On Mon, 29 Sep 2014, Andy Lutomirski wrote:
> On 09/25/2014 12:42 PM, Anish Bhatt wrote:
> > The MSR_SYSCALL_MASK, which is responsible for clearing specific EFLAGS on
> > syscall entry, should also clear the nested task (NT) flag to be safe from
> > userspace injection. Without this fix the application segmentation
> > faults on syscall return because of the changed meaning of the IRET
> > instruction.
> >
> > Further details can be seen here https://bugs.winehq.org/show_bug.cgi?id=33275
> >
> > Signed-off-by: Anish Bhatt <anish@xxxxxxxxxxx>
> > Signed-off-by: Sebastian Lackner <sebastian@xxxxxxxxxxx>
> > ---
> > arch/x86/kernel/cpu/common.c | 2 +-
> > 1 file changed, 1 insertion(+), 1 deletion(-)
> >
> > diff --git a/arch/x86/kernel/cpu/common.c b/arch/x86/kernel/cpu/common.c
> > index e4ab2b4..3126558 100644
> > --- a/arch/x86/kernel/cpu/common.c
> > +++ b/arch/x86/kernel/cpu/common.c
> > @@ -1184,7 +1184,7 @@ void syscall_init(void)
> > /* Flags to clear on syscall */
> > wrmsrl(MSR_SYSCALL_MASK,
> > X86_EFLAGS_TF|X86_EFLAGS_DF|X86_EFLAGS_IF|
> > - X86_EFLAGS_IOPL|X86_EFLAGS_AC);
> > + X86_EFLAGS_IOPL|X86_EFLAGS_AC|X86_EFLAGS_NT);
>
> Something's weird here, and at the very least the changelog is
> insufficiently informative.
>
> The Intel SDM says:
>
> If the NT flag is set and the processor is in IA-32e mode, the IRET
> instruction causes a general protection exception.
>
> Presumably interrupt delivery clears NT. I haven't spotted where that's
> documented yet.

Nope, that's unrelated.

See Volume 3, chapter 7.4 "Task linking":

"The previous task link field of the TSS (sometimes called the
“backlink”) and the NT flag in the EFLAGS register are used to return
execution to the previous task. EFLAGS.NT = 1 indicates that the
currently executing task is nested within the execution of another
task.

When a CALL instruction, an interrupt, or an exception causes a task
switch: the processor copies the segment selector for the current TSS
to the previous task link field of the TSS for the new task; it then
sets EFLAGS.NT = 1. If software uses an IRET instruction to suspend
the new task, the processor checks for EFLAGS.NT = 1; it then uses the
value in the previous task link field to return to the previous
task.
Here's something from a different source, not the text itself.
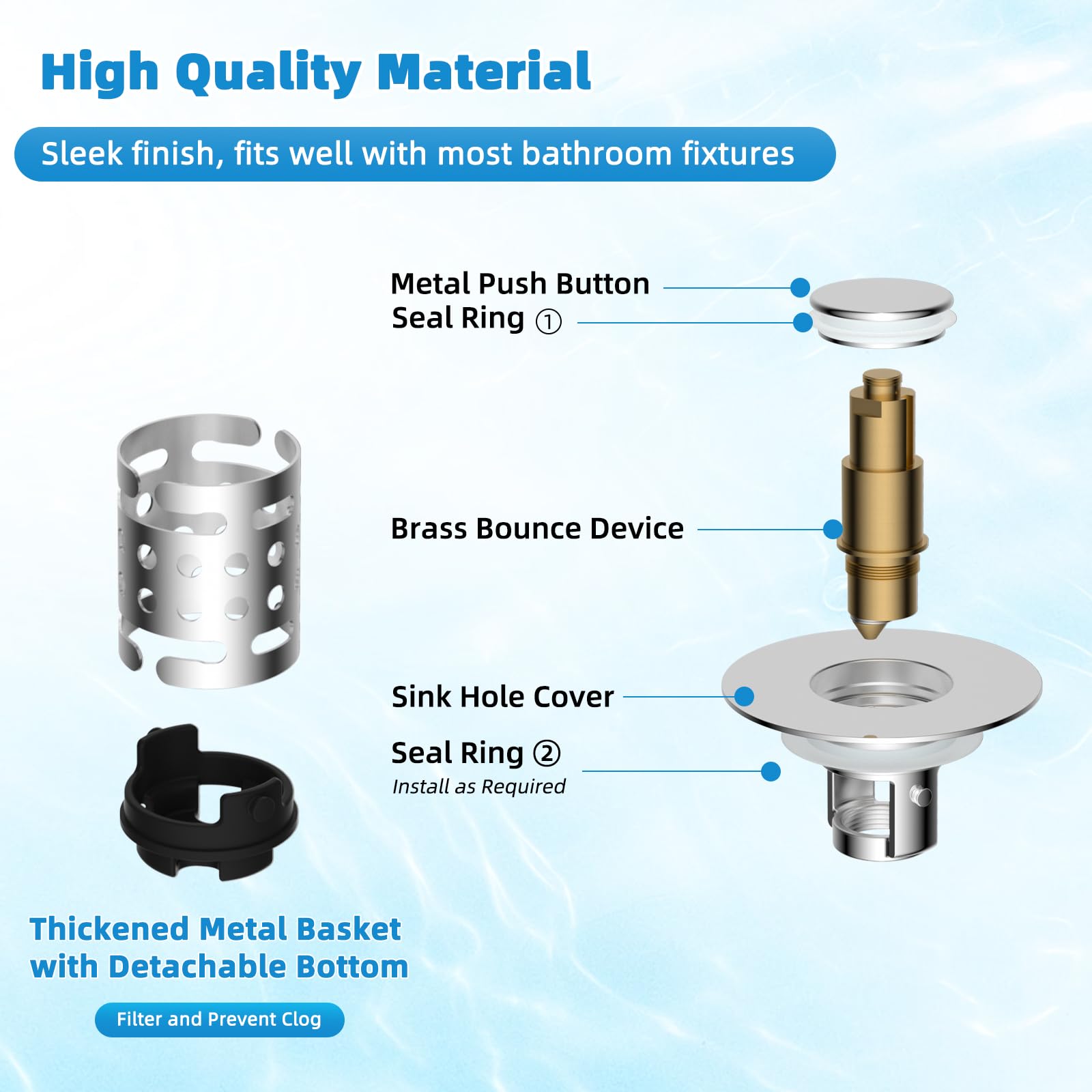 - Practical Stylish Design: Made of high-quality stainless steel and brass with a sleek Chrome finish, it fits well with most bathroom fixtures and decor styles; This sink stopper is tough, crack-resistant, and resists tarnishing, designed for a long time use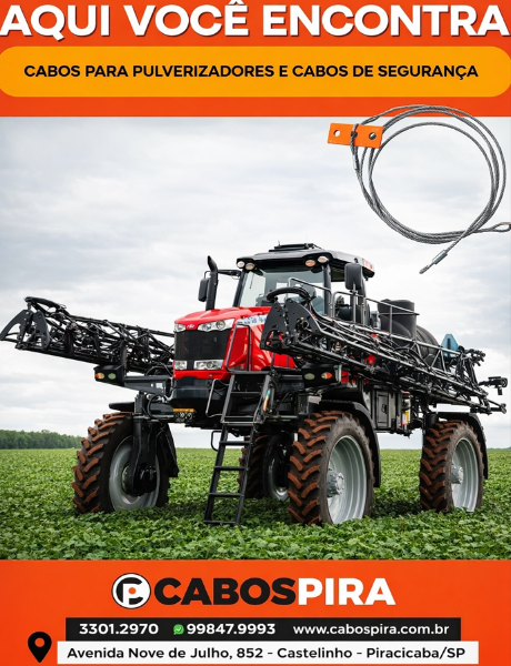 Cabo de aço revestido de alta resistência, utilizado como protetor de fim de curso da mola nos pulverizadores Jacto Advance 2000, Advance 3000 e Columbia 2000.

See Figures 7-8."

Now, Linux does not care about that. Thread management is done purely
in software. So nothing uses and nothing can use the TSS backlink and
NT mode.

In IA-32e mode a IRET seing EFLAGS.NT=1 will cause #GP. In non IA-32e
mode it would simply explode by returning to TSS.back_link, which is
reliably NULL.

So there is nothing to see here other than the stupid user space task
fiddling with the NT flag being killed rightfully.

Thanks,

tglx